The data below holds a line containing "En un bol grande" and a line containing "会上,徐志刚还展示了一张国内"; please quote exactly those two lines and every line between them, and nothing else.

**Records to process:**

============

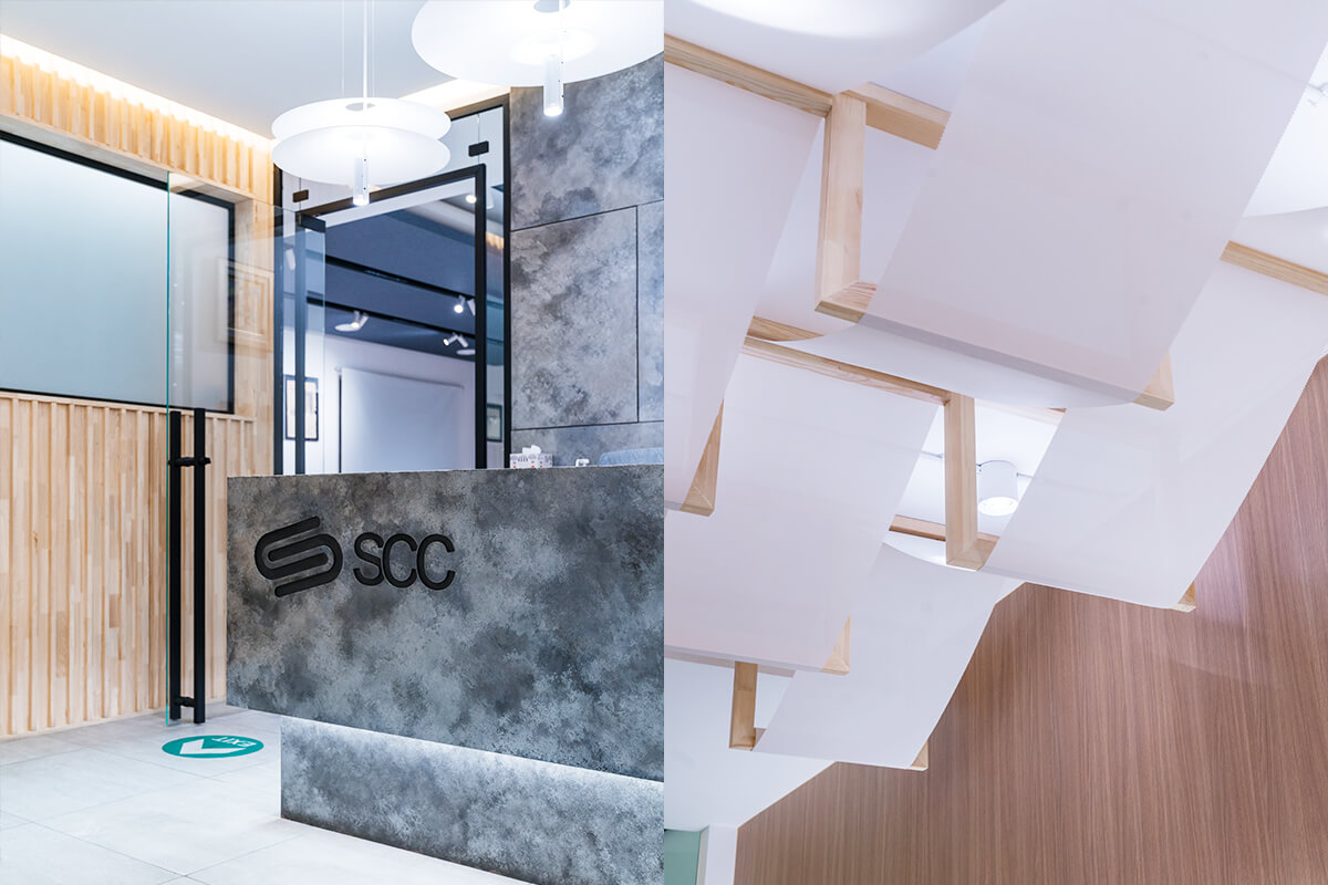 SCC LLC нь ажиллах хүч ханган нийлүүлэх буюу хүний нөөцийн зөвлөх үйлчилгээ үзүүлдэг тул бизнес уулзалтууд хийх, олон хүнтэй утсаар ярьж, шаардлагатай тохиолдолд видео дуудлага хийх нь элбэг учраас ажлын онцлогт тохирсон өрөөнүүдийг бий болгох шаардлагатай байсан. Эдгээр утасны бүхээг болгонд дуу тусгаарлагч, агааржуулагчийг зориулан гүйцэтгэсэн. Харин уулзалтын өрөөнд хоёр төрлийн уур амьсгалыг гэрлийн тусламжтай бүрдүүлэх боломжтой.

============

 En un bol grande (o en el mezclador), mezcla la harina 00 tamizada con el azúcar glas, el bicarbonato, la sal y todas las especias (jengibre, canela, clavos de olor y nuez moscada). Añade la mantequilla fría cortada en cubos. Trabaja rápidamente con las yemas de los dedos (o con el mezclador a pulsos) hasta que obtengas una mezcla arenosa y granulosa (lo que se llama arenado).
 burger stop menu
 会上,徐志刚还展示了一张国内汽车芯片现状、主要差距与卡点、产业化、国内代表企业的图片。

============

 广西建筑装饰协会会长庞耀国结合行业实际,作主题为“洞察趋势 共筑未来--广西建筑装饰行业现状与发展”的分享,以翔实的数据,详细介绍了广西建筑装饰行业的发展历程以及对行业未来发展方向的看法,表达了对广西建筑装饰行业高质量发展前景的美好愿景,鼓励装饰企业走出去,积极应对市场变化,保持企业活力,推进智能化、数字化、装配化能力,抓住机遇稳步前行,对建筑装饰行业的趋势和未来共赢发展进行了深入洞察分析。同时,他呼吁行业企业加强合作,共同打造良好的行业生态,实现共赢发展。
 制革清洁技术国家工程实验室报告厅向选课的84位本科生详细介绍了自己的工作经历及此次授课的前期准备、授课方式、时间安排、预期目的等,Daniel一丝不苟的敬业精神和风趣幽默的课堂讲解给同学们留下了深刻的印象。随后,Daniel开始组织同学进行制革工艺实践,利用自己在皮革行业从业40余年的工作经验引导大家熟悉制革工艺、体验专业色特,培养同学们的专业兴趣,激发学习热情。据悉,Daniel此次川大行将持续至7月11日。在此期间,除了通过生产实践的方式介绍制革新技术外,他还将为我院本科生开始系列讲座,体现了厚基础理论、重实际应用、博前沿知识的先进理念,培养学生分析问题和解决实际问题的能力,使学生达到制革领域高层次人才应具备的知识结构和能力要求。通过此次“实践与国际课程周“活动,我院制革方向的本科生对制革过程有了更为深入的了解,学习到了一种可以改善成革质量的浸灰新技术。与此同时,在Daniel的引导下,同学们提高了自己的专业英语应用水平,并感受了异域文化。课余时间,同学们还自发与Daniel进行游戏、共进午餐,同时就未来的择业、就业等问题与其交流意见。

============

**Response to the task:**
 En un bol grande (o en el mezclador), mezcla la harina 00 tamizada con el azúcar glas, el bicarbonato, la sal y todas las especias (jengibre, canela, clavos de olor y nuez moscada). Añade la mantequilla fría cortada en cubos. Trabaja rápidamente con las yemas de los dedos (o con el mezclador a pulsos) hasta que obtengas una mezcla arenosa y granulosa (lo que se llama arenado).
 burger stop menu
 会上,徐志刚还展示了一张国内汽车芯片现状、主要差距与卡点、产业化、国内代表企业的图片。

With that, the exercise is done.